Electromagnetic induction

The magnetic field due to the infinite wire is (apply Ampere's law), at a point inside the torus :

\(\vec B_{fil} = \frac{{\mu _0 I(t)}}{{2\pi }}\frac{1}{r}\vec u_\theta\)

The own magnetic field of the torus is (apply Ampere's law) :

\(\vec B_{tore} = \frac{{\mu _0 Ni(t)}}{{2\pi }}\frac{1}{r}\vec u_\theta\)

The total magnetic field is :

\(\vec B = \frac{{\mu _0 }}{{2\pi }}\left( {Ni(t) + I(t)} \right)\frac{1}{r}\vec u_\theta\)

The flux of this total field through the \(N\) whorls of the torus is :

\(\Phi = N = \frac{{N\mu _0 }}{{2\pi }}\left( {Ni(t) + I(t)} \right)a\ln 2\)

Hence the electromotive force can be deduced by using Faraday's law of induction :

\(e = - \frac{{d\phi }}{{dt}} = - \frac{{N\mu _0 }}{{2\pi }}\left( {N\frac{{di(t)}}{{dt}} + \frac{{dI(t)}}{{dt}}} \right)a\ln 2\)

The electric equation of the circuit is :

\(e = - \frac{{N\mu _0 }}{{2\pi }}\left( {N\frac{{di(t)}}{{dt}} + \frac{{dI(t)}}{{dt}}} \right)a\ln 2 = Ri\)

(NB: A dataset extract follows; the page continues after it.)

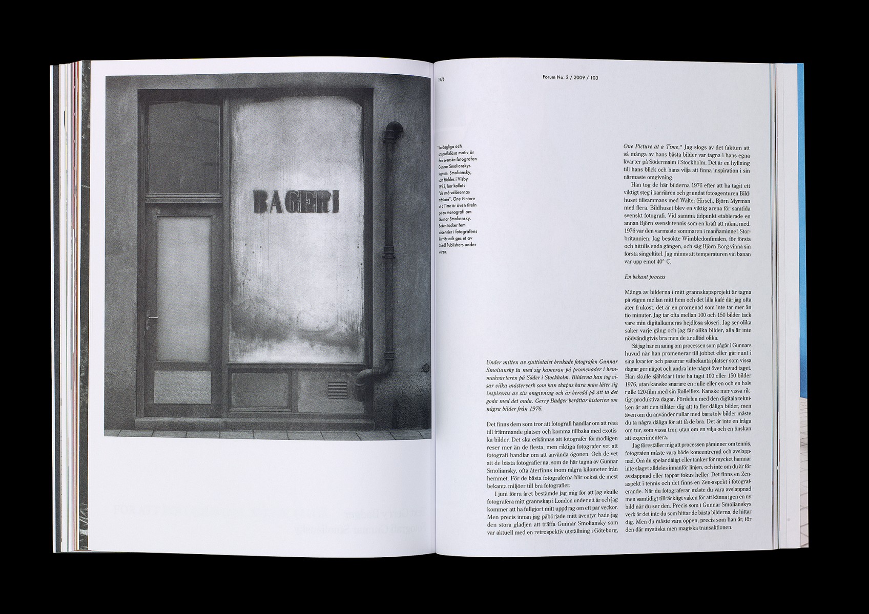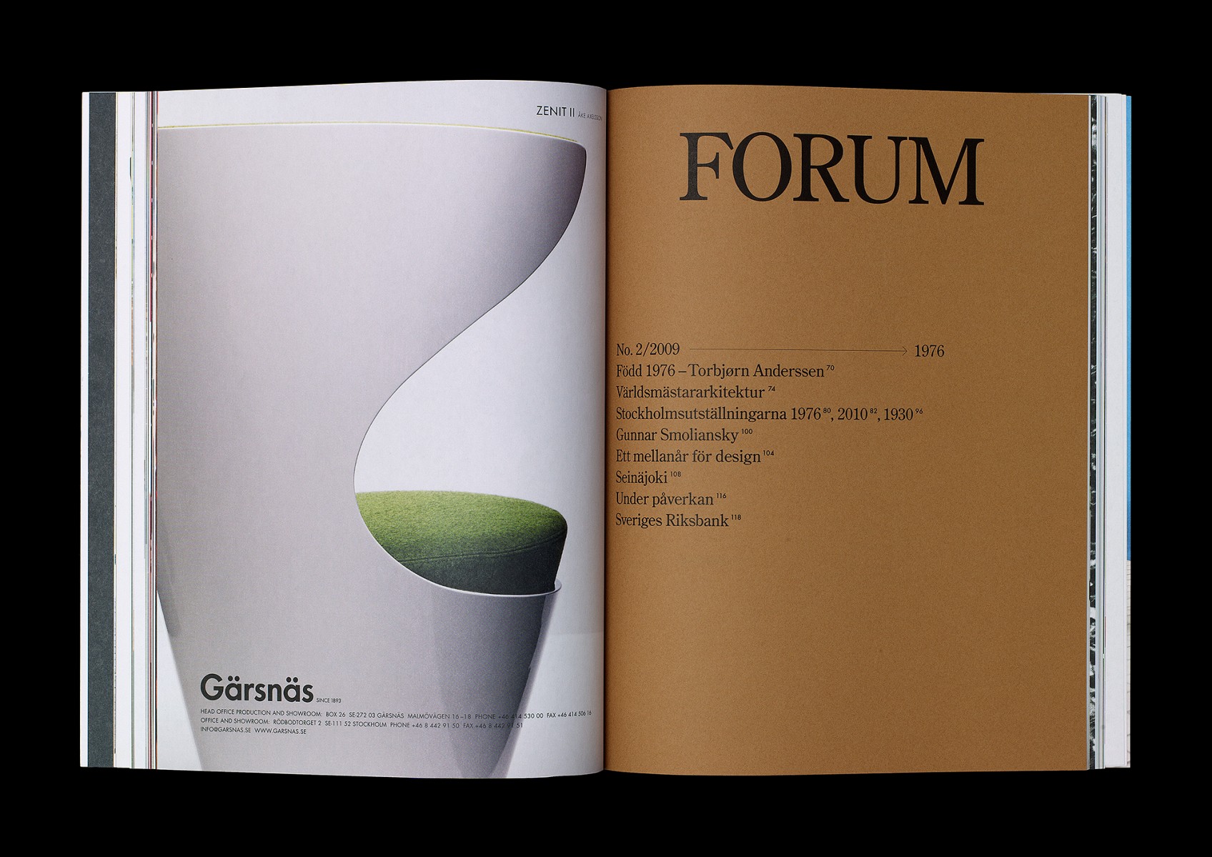 Redesign, redaktionsmedverkan, art direction och produktion av kvartalsmagasinet Forum, magasin för nordisk arkitektur, inredning och design. No. 2/2009 (tema: 1976 – året första numret utkom).

Which is, in complex notation :

\(- \frac{{N\mu _0 }}{{2\pi }}\left( {N\underline i (t) + \underline I (t)} \right)j\omega a\ln 2 = R\underline i\)

Thus :

\(\frac{{\underline i (t)}}{{\underline I (t)}} = \frac{{ - j\omega \frac{{\mu _0 }}{{2\pi }}Na\ln 2}}{{R + j\omega \frac{{\mu _0 }}{{2\pi }}N^2 a\ln 2}}\)

\(R\) can be neglected before \(\mu _0 \omega aN^2\) :

\(\frac{{\underline i (t)}}{{\underline I (t)}} = \frac{1}{N}\)

With a magnitude for \(N\) of \(10^4\), intensities can be measured with ammeters of small caliber.